Did this mini win BOB if so I know the owner he is a great handler we may use him as a handler later down the road. 



> Did you get any photos? Where will it be next year?


Yes Feralpudel

I took pictures some came out really good given the low light in there ! 
Jetta had the nicest head out of all the dogs there. 
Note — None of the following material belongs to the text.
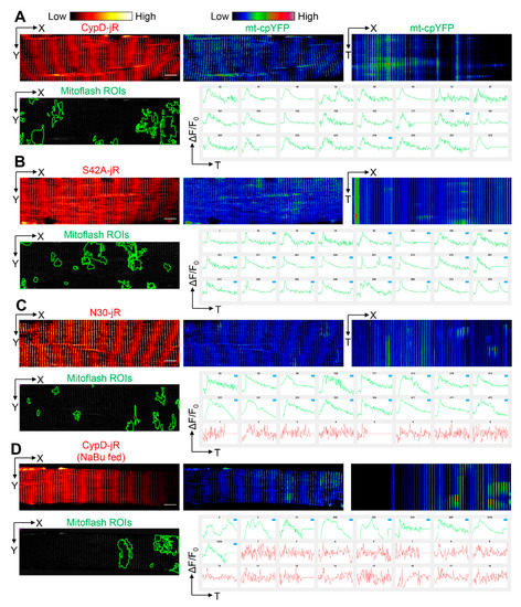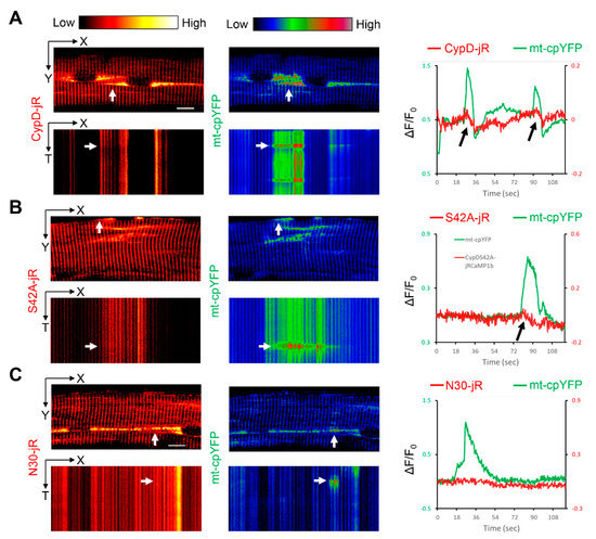 Next, we examined mitochondrial Ca2+ dynamics accompanying mitoflash events by co-electroporating the above jRCaMP1b based constructs together with mt-cpYFP into mouse FDB myofibers. For the three constructs tested, most mitoflash events in interfibrillar mitochondria were accompanied by no or subtle changes of [Ca2+]mito levels (a total of 91 interfibrillar regions analyzed in myofibers from 18 mice, see Figure S1A–C and Spreadsheet S1). This result may be supportive of the idea that mitoflash events are independent of CypD-mediated mPTP opening [2]. However, this can be due to the relatively low mitochondrial density at the interfibrillar region and the highly stringent [Ca2+]mito regulation in myofibers, causing interfibrillar [Ca2+]mito changes beyond the detection limitation of jRCaMP1b. Consistent with this idea, the application of pulsatory electric field stimulation only marginally increased the intensity of mitochondria-targeted jRCaMP1b, while the intensity of CaSiR-1 (representing cytosolic Ca2+ changes) increased tremendously (Figure S1D). The Ca2+ affinity of jRCaMP1b (Kd = 0.71 µM) and CaSiR-1 (Kd = 0.58 µM) are similar (n = 4) [28,48]. More importantly, in the perinuclear mitochondria, in which mitochondrial density is higher, we observed mitoflash events accompanied by drops of jRCaMP1b signals, especially in CypD-jRCaMP1b overexpressing myofibers (8 out of 31 perinuclear regions analyzed in myofibers from 5 mice, also see Spreadsheet S1, Figure 3A, and Video S4). One case was observed in CypDS42A-jRCaMP1b overexpressed myofibers (1 out of 19 perinuclear regions analyzed in myofibers from 4 mice, see Spreadsheet S1, Figure 3B, and Video S5). No such phenotype was observed in CypDN30-jRCaMP1b overexpressed myofibers (0 out of 23 perinuclear regions analyzed in myofibers from 7 mice, see Spreadsheet S1, Figure 3C, and Video S6). These observations indicate that under pathological conditions like CypD overexpression, at least part of the mitoflash events is indicative of an mPTP opening with transient mitochondrial Ca2+ efflux. We did not observe a mitoflash-associated decrease of jRCaMP1b signals in interfibrillar mitochondria of CypD-jRCaMP1b overexpressed myofibers, this may be due to lower mitochondrial density and the detection limitation of JRCaMP1b.

I have some silly pictures I took of her ( they are hilarious )


----------



## PaddleAddict (Feb 9, 2010)

When I saw the mini it was not in the show ring. The person holding the lead was a woman, and I assume that was the handler, but you never know. I don't even know if it was a dog or bitch, but he/she had such a lovely face. The poodle was in a continental.


----------



## Ixion (Jun 23, 2010)

Too bad there wasn't a better turn out! Any ideas on why there wouldn't be? Look forward to seeing it on TV tho! ^.^


----------



## roxy25 (Dec 18, 2008)

Ixion said:


> Too bad there wasn't a better turn out! Any ideas on why there wouldn't be? Look forward to seeing it on TV tho! ^.^


It should air in Jan on animal plant 

finished sorry for the noise in the pics my lens did pretty good I need that sigma 85mm 1.4 ! 
Zenfolio | Kerry | Eukanuba poodles


----------



## Fluffyspoos (Aug 11, 2009)

GCH CH Dawin Spitfire was the black bitch that got best of group last.. big show not long ago. I remember her o: The one the boxer one best of show.


----------